Each record should reappear exactly in your answer, minus any picture.

[Extracted data entries]
=======

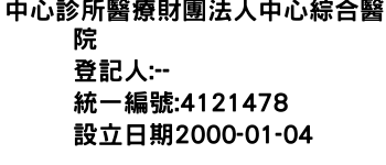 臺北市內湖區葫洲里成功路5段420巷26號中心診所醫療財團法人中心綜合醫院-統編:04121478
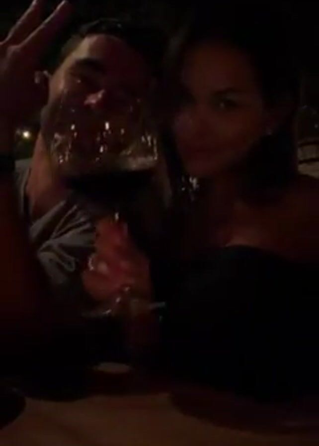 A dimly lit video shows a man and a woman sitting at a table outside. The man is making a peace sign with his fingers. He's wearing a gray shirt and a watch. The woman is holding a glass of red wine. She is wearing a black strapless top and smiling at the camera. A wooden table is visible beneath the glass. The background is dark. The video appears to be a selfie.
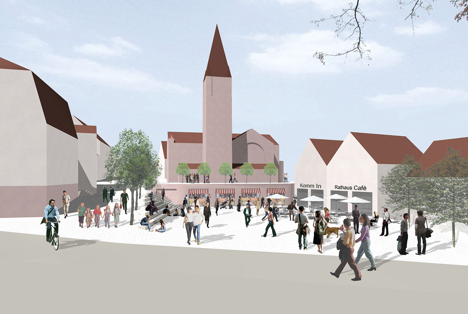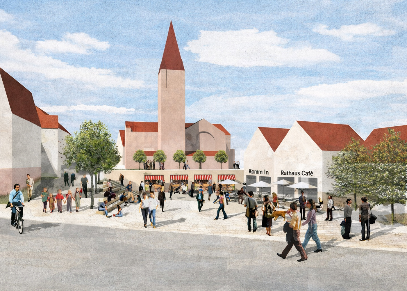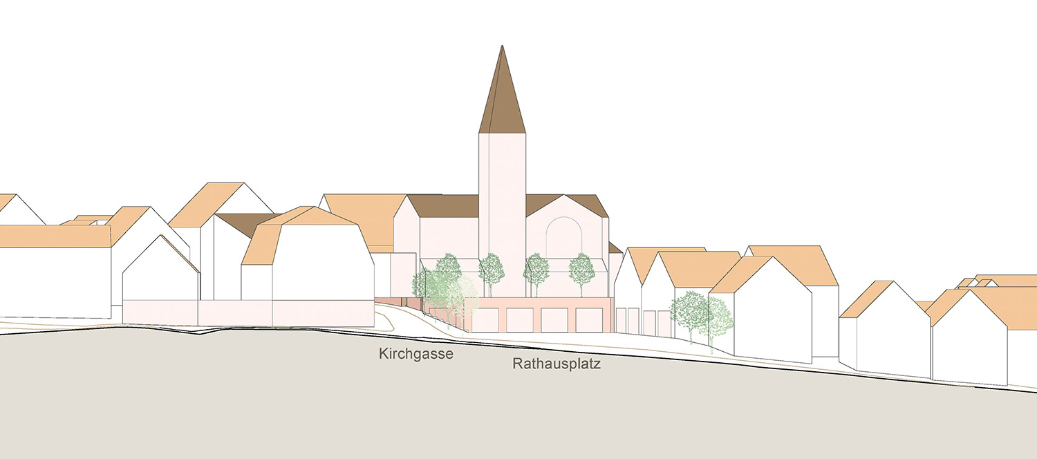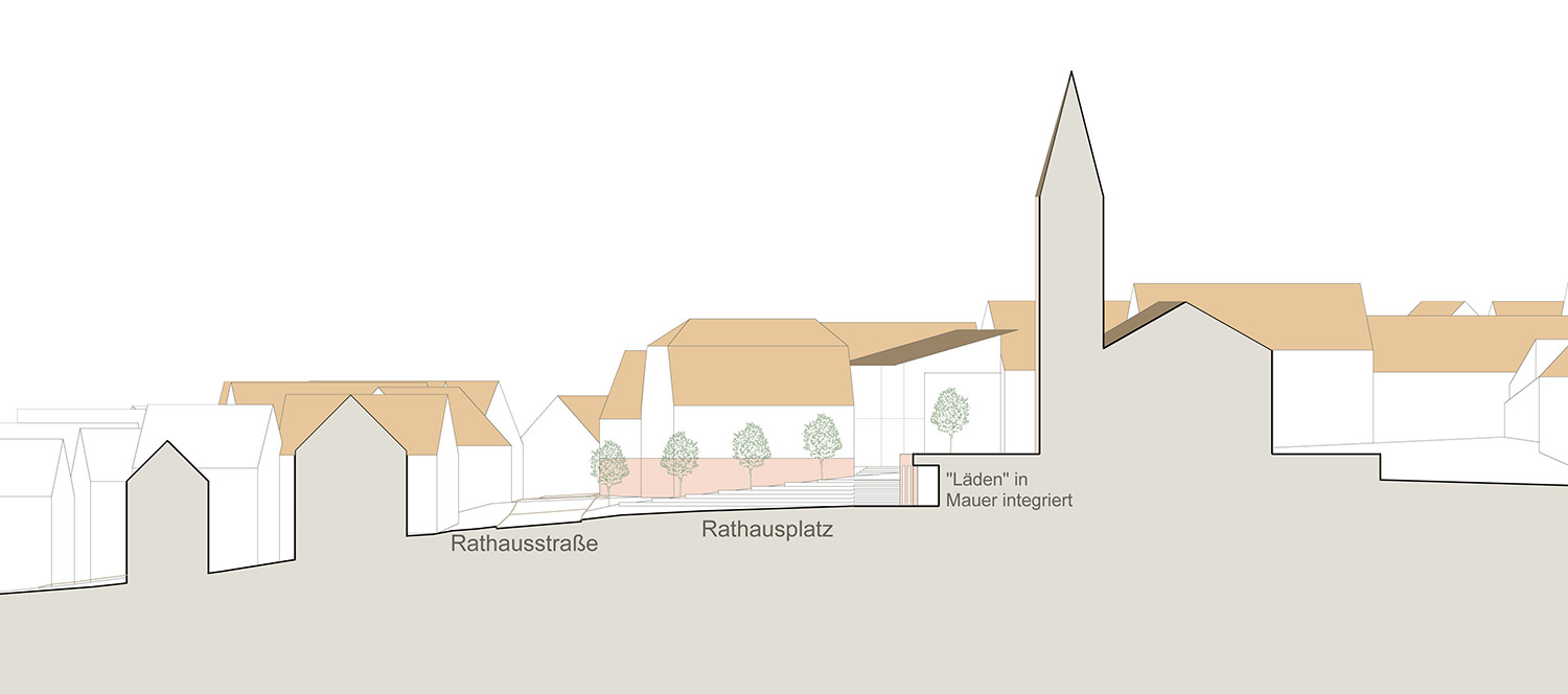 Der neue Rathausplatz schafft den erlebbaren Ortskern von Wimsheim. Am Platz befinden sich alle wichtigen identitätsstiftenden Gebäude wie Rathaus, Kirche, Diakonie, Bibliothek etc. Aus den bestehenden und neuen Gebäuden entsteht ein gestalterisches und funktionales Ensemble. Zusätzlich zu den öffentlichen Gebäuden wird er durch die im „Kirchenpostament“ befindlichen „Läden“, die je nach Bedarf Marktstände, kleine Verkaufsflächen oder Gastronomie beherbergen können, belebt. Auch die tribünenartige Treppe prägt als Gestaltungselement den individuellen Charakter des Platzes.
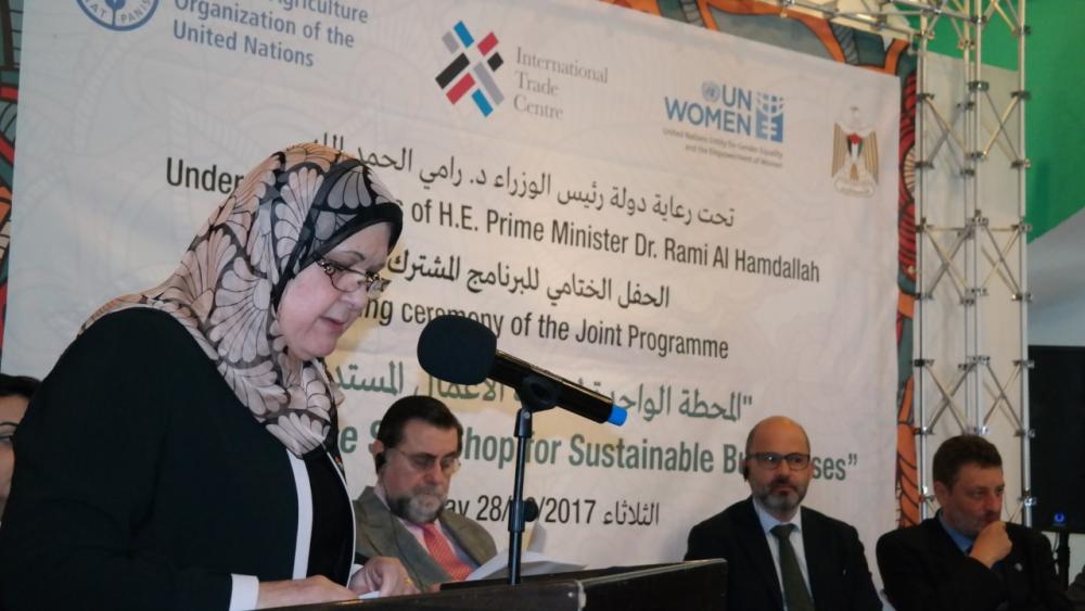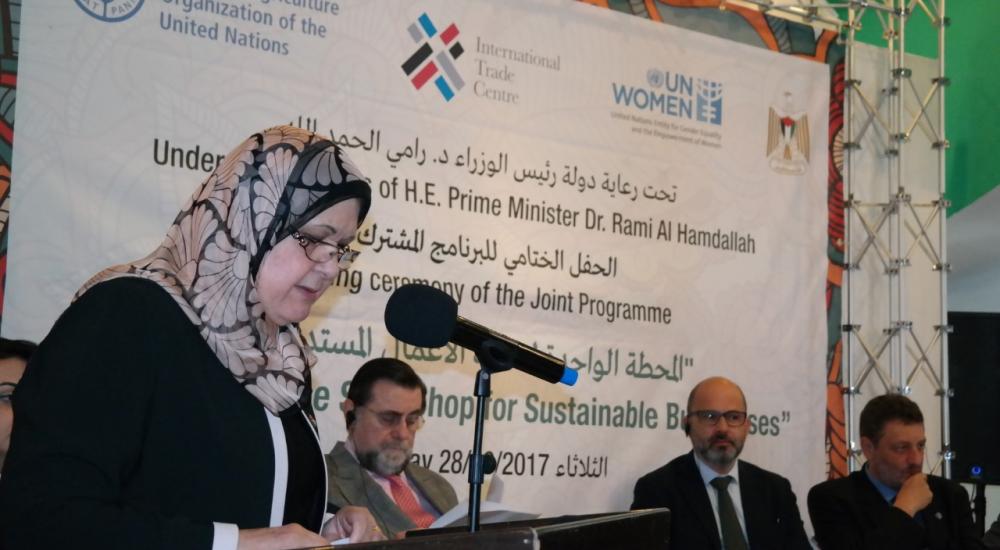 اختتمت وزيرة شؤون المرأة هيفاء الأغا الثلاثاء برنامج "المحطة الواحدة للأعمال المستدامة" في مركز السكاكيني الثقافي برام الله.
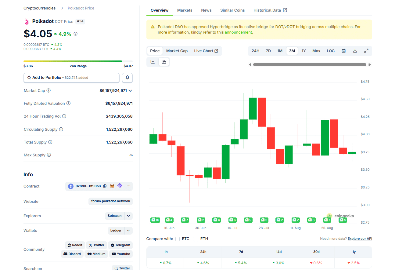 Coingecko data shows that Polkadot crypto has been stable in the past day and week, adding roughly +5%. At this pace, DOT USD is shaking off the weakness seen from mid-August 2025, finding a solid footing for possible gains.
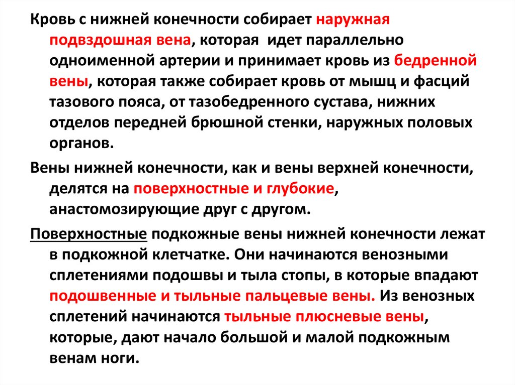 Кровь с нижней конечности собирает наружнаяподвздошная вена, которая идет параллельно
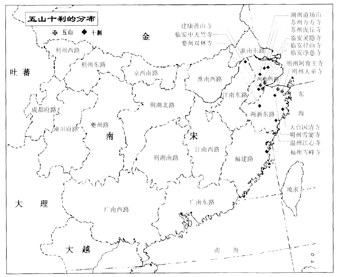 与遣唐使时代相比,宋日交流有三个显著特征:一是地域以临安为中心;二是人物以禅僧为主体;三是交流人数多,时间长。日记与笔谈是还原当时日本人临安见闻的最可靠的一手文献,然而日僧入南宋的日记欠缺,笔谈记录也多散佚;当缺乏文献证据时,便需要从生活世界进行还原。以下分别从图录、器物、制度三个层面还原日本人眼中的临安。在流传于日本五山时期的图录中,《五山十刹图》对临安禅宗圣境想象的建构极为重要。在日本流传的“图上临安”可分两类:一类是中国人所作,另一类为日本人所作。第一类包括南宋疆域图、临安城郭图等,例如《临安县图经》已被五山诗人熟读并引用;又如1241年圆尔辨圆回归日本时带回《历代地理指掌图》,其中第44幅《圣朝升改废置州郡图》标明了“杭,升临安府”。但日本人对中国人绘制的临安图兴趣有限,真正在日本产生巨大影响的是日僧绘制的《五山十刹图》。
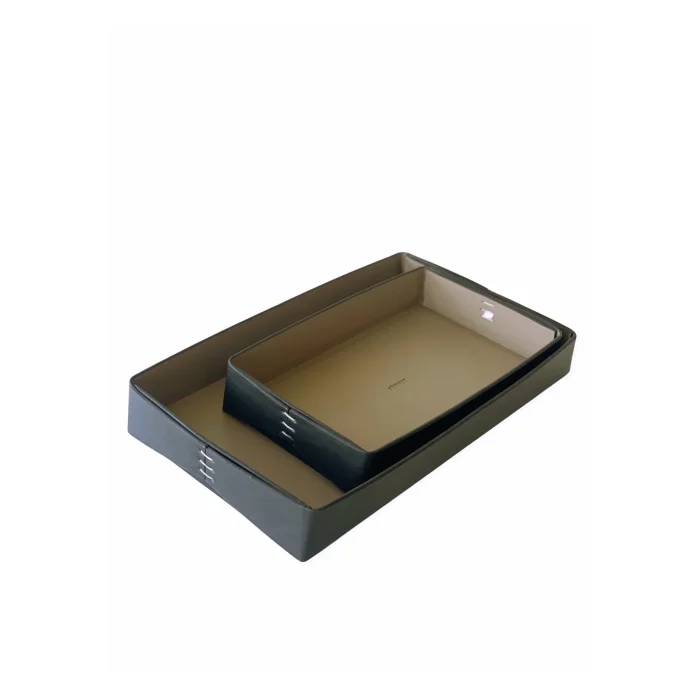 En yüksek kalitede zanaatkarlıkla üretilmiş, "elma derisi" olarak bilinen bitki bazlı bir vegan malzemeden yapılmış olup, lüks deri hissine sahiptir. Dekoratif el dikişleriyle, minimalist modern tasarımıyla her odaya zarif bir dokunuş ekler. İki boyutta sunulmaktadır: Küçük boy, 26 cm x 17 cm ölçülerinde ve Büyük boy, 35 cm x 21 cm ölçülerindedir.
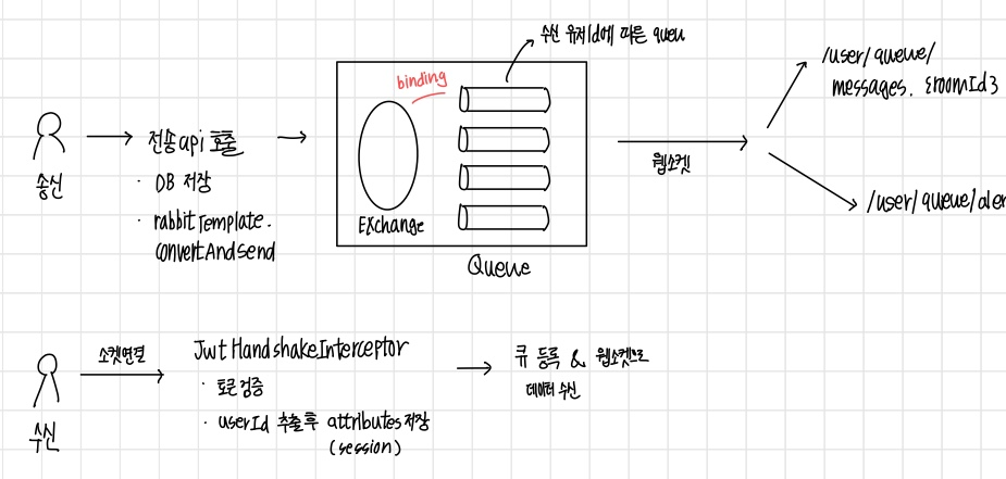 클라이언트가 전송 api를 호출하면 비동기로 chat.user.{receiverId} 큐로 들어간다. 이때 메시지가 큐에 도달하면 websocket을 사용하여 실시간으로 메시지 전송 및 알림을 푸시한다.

=======

## Task result
 臺北市內湖區葫洲里成功路5段420巷26號中心診所醫療財團法人中心綜合醫院-統編:04121478
 A dimly lit video shows a man and a woman sitting at a table outside. The man is making a peace sign with his fingers. He's wearing a gray shirt and a watch. The woman is holding a glass of red wine. She is wearing a black strapless top and smiling at the camera. A wooden table is visible beneath the glass. The background is dark. The video appears to be a selfie.
 Der neue Rathausplatz schafft den erlebbaren Ortskern von Wimsheim. Am Platz befinden sich alle wichtigen identitätsstiftenden Gebäude wie Rathaus, Kirche, Diakonie, Bibliothek etc. Aus den bestehenden und neuen Gebäuden entsteht ein gestalterisches und funktionales Ensemble. Zusätzlich zu den öffentlichen Gebäuden wird er durch die im „Kirchenpostament“ befindlichen „Läden“, die je nach Bedarf Marktstände, kleine Verkaufsflächen oder Gastronomie beherbergen können, belebt. Auch die tribünenartige Treppe prägt als Gestaltungselement den individuellen Charakter des Platzes.
 اختتمت وزيرة شؤون المرأة هيفاء الأغا الثلاثاء برنامج "المحطة الواحدة للأعمال المستدامة" في مركز السكاكيني الثقافي برام الله.
 Coingecko data shows that Polkadot crypto has been stable in the past day and week, adding roughly +5%. At this pace, DOT USD is shaking off the weakness seen from mid-August 2025, finding a solid footing for possible gains.
 Кровь с нижней конечности собирает наружнаяподвздошная вена, которая идет параллельно
 与遣唐使时代相比,宋日交流有三个显著特征:一是地域以临安为中心;二是人物以禅僧为主体;三是交流人数多,时间长。日记与笔谈是还原当时日本人临安见闻的最可靠的一手文献,然而日僧入南宋的日记欠缺,笔谈记录也多散佚;当缺乏文献证据时,便需要从生活世界进行还原。以下分别从图录、器物、制度三个层面还原日本人眼中的临安。在流传于日本五山时期的图录中,《五山十刹图》对临安禅宗圣境想象的建构极为重要。在日本流传的“图上临安”可分两类:一类是中国人所作,另一类为日本人所作。第一类包括南宋疆域图、临安城郭图等,例如《临安县图经》已被五山诗人熟读并引用;又如1241年圆尔辨圆回归日本时带回《历代地理指掌图》,其中第44幅《圣朝升改废置州郡图》标明了“杭,升临安府”。但日本人对中国人绘制的临安图兴趣有限,真正在日本产生巨大影响的是日僧绘制的《五山十刹图》。
 En yüksek kalitede zanaatkarlıkla üretilmiş, "elma derisi" olarak bilinen bitki bazlı bir vegan malzemeden yapılmış olup, lüks deri hissine sahiptir. Dekoratif el dikişleriyle, minimalist modern tasarımıyla her odaya zarif bir dokunuş ekler. İki boyutta sunulmaktadır: Küçük boy, 26 cm x 17 cm ölçülerinde ve Büyük boy, 35 cm x 21 cm ölçülerindedir.
 클라이언트가 전송 api를 호출하면 비동기로 chat.user.{receiverId} 큐로 들어간다. 이때 메시지가 큐에 도달하면 websocket을 사용하여 실시간으로 메시지 전송 및 알림을 푸시한다.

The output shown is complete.